### Task directions
Copy the data that follows, character for character, minus the pictures.

### Dataset
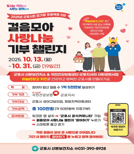 [메이저뉴스]군포시 산본보건지소는 오는 10월 13일부터 31일까지(19일간) 국민건강보험공단 군포지사와 함께하는 '걸음모아 사랑나눔' 기부챌린지를 운영한다.
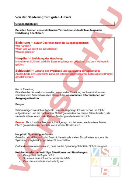 Von der Gliederung zum guten Aufsatz Grundsätzlich gilt: Bei allen Formen von erzählenden Texten kannst du dich an folgender Gliederung orientieren: Einleitung kurzer Überblick über die Ausgangsituation: Wer handelt? Wann und wo spielt die Geschichte? Worum geht es? Hauptteil Entfaltung der Handlung: In mehreren Schritten wird die Spannung langsam gesteigert und zum Höhepunkt geführt. Schlussteil Lösung des Problems und Auflösung der Spannung: An das Ende der Geschichte kann ein witziger, unterhaltsamer Schlusspunkt (Pointe) gesetzt werden. Kurze Einleitung Eine Geschichte wird spannender, wenn in der Einleitung noch nicht all zu viel verraten wird. Beschränke dich also auf die wesentlichen Informationen zur Ausgangssituation. Beispiel: Schon morgens als ich aufwachte, war ich aufgeregt. Ich war schon um 7 Uhr aufgestanden und lief nach unten. Sofort gratulierten mir meine Eltern herzlich, als sie mich sahen. Auch mein kleiner Bruder gratulierte mir herzlich. Besser: Als ich aufwachte, war ich aufgeregt. Ich lief sofort nach untern. Meine Eltern gratulierten mir herzlich, mein kleiner Bruder auch. Hauptteil: Spannung aufbauen Gestalte den Höhepunkt der Geschichte mit sehr vielen Einzelheiten aus, um die Spannung möglichst lange aufrecht zu erhalten. Ordne die einzelnen Ideen so, dass du die Spannung Schritt für Schritt steigerst. Komische oder merkwürdige Situationen und Handlungen: Das gibt es doch gar nicht! So etwas hatte ich vorher noch nie erlebt. Das kam mir etwas merkwürdig vor. Spannende oder dramatische Situationen und Handlungen: Ich dachte: „ Jetzt ist es aus! Es kam bedrohlich nahe. Es sah etwas gefährlich aus. Unterhaltsamer Schluss Hier geht es – wie bei der Einleitung – nicht darum, möglichst viel und in allen Einzelheiten zu erzählen, sondern das Ende der Handlung kurz und prägnant zu formulieren. Der Schluss kann auch eine Schlussbemerkung beinhalten, die zum Weiterdenken über die Geschichte oder zum Schmunzeln anregt. Fantasie- oder Traumgeschichte: Nach dem Unterricht ärgerte ich mich, dass ich mit dem Zauberhandy aus meinem Traum nicht gleich die anderen Aufgaben gelöst hatte. Aber vielleicht träume ich ja noch einmal. Erlebnis- oder Abenteuergeschichte: Jetzt hatte ich erst einmal genug von Abenteuern! Nie wieder würde ich so etwas riskieren. Wenn aber meine Freunde in den nächsten Ferien nach Afrika.
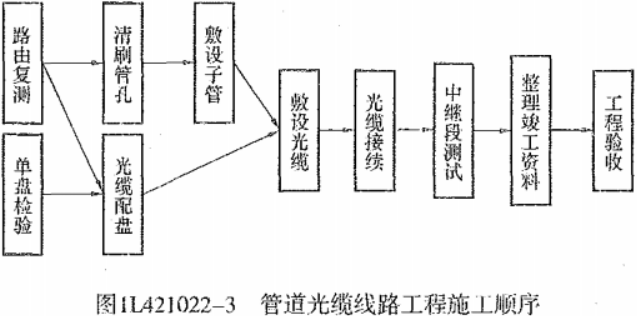 B工作:清刷管孔E工作:光缆配盘F工作:敷设光缆
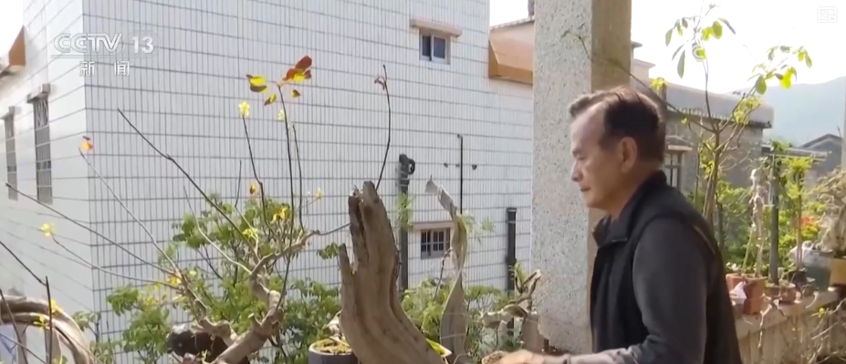 70歲的丁偉洪來自澳門。2024年,他在珠海金灣區(qū)三灶鎮(zhèn)木頭沖村租下了一套石頭屋。經(jīng)過簡(jiǎn)單裝修改造后,丁偉洪在這里養(yǎng)花、種菜,制作根雕,生活非常愜意。
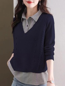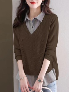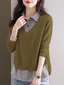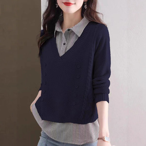 假两件针织衫女秋装新款百搭小众洋气宽松内搭上衣衬衫领套头毛衣
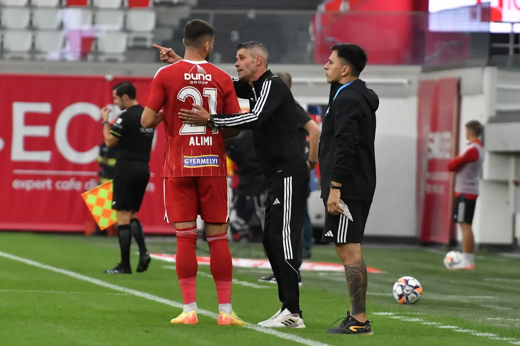 Dumitru Valentin Suciu dându-i indicații lui Isnik Alimi în meciul de fotbal dintre Sepsi OSK Sfantu Gheorghe și FC Botoșani, contând pentru SuperLiga Superbet, desfășurat pe Stadionul SEPSI Arena OSK din Sfântu Gheorghe, vineri 13 septembrie 2024. © FOTO: Bogdan BALAS/SPORT PICTURES
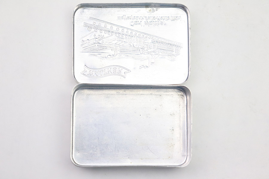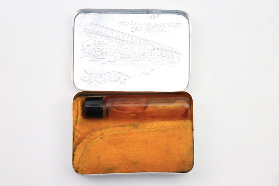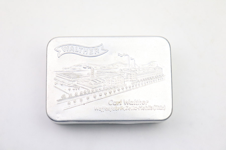 10/25/22 – This is a great example of an original Walther tin from WW2. The tin is in great overall condition with minimal wear throughout and no major dents in the metal. Included is a WW2 style oiler and a yellow oil cloth. The oiler still contains residual oil, of an unknown age, that has lost its viscosity. The yellow cloth shows use but has no structural issues or major fraying/tearing to note.
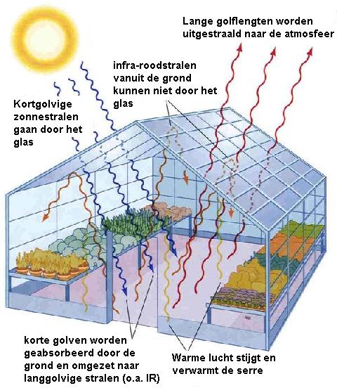 warmtestralen of aardstralen met een grotere golflengte. Dit verwarmt de

### Reply
 [메이저뉴스]군포시 산본보건지소는 오는 10월 13일부터 31일까지(19일간) 국민건강보험공단 군포지사와 함께하는 '걸음모아 사랑나눔' 기부챌린지를 운영한다.
 Von der Gliederung zum guten Aufsatz Grundsätzlich gilt: Bei allen Formen von erzählenden Texten kannst du dich an folgender Gliederung orientieren: Einleitung kurzer Überblick über die Ausgangsituation: Wer handelt? Wann und wo spielt die Geschichte? Worum geht es? Hauptteil Entfaltung der Handlung: In mehreren Schritten wird die Spannung langsam gesteigert und zum Höhepunkt geführt. Schlussteil Lösung des Problems und Auflösung der Spannung: An das Ende der Geschichte kann ein witziger, unterhaltsamer Schlusspunkt (Pointe) gesetzt werden. Kurze Einleitung Eine Geschichte wird spannender, wenn in der Einleitung noch nicht all zu viel verraten wird. Beschränke dich also auf die wesentlichen Informationen zur Ausgangssituation. Beispiel: Schon morgens als ich aufwachte, war ich aufgeregt. Ich war schon um 7 Uhr aufgestanden und lief nach unten. Sofort gratulierten mir meine Eltern herzlich, als sie mich sahen. Auch mein kleiner Bruder gratulierte mir herzlich. Besser: Als ich aufwachte, war ich aufgeregt. Ich lief sofort nach untern. Meine Eltern gratulierten mir herzlich, mein kleiner Bruder auch. Hauptteil: Spannung aufbauen Gestalte den Höhepunkt der Geschichte mit sehr vielen Einzelheiten aus, um die Spannung möglichst lange aufrecht zu erhalten. Ordne die einzelnen Ideen so, dass du die Spannung Schritt für Schritt steigerst. Komische oder merkwürdige Situationen und Handlungen: Das gibt es doch gar nicht! So etwas hatte ich vorher noch nie erlebt. Das kam mir etwas merkwürdig vor. Spannende oder dramatische Situationen und Handlungen: Ich dachte: „ Jetzt ist es aus! Es kam bedrohlich nahe. Es sah etwas gefährlich aus. Unterhaltsamer Schluss Hier geht es – wie bei der Einleitung – nicht darum, möglichst viel und in allen Einzelheiten zu erzählen, sondern das Ende der Handlung kurz und prägnant zu formulieren. Der Schluss kann auch eine Schlussbemerkung beinhalten, die zum Weiterdenken über die Geschichte oder zum Schmunzeln anregt. Fantasie- oder Traumgeschichte: Nach dem Unterricht ärgerte ich mich, dass ich mit dem Zauberhandy aus meinem Traum nicht gleich die anderen Aufgaben gelöst hatte. Aber vielleicht träume ich ja noch einmal. Erlebnis- oder Abenteuergeschichte: Jetzt hatte ich erst einmal genug von Abenteuern! Nie wieder würde ich so etwas riskieren. Wenn aber meine Freunde in den nächsten Ferien nach Afrika.
 B工作:清刷管孔E工作:光缆配盘F工作:敷设光缆
 70歲的丁偉洪來自澳門。2024年,他在珠海金灣區(qū)三灶鎮(zhèn)木頭沖村租下了一套石頭屋。經(jīng)過簡(jiǎn)單裝修改造后,丁偉洪在這里養(yǎng)花、種菜,制作根雕,生活非常愜意。
 假两件针织衫女秋装新款百搭小众洋气宽松内搭上衣衬衫领套头毛衣
 Dumitru Valentin Suciu dându-i indicații lui Isnik Alimi în meciul de fotbal dintre Sepsi OSK Sfantu Gheorghe și FC Botoșani, contând pentru SuperLiga Superbet, desfășurat pe Stadionul SEPSI Arena OSK din Sfântu Gheorghe, vineri 13 septembrie 2024. © FOTO: Bogdan BALAS/SPORT PICTURES
 10/25/22 – This is a great example of an original Walther tin from WW2. The tin is in great overall condition with minimal wear throughout and no major dents in the metal. Included is a WW2 style oiler and a yellow oil cloth. The oiler still contains residual oil, of an unknown age, that has lost its viscosity. The yellow cloth shows use but has no structural issues or major fraying/tearing to note.
 warmtestralen of aardstralen met een grotere golflengte. Dit verwarmt de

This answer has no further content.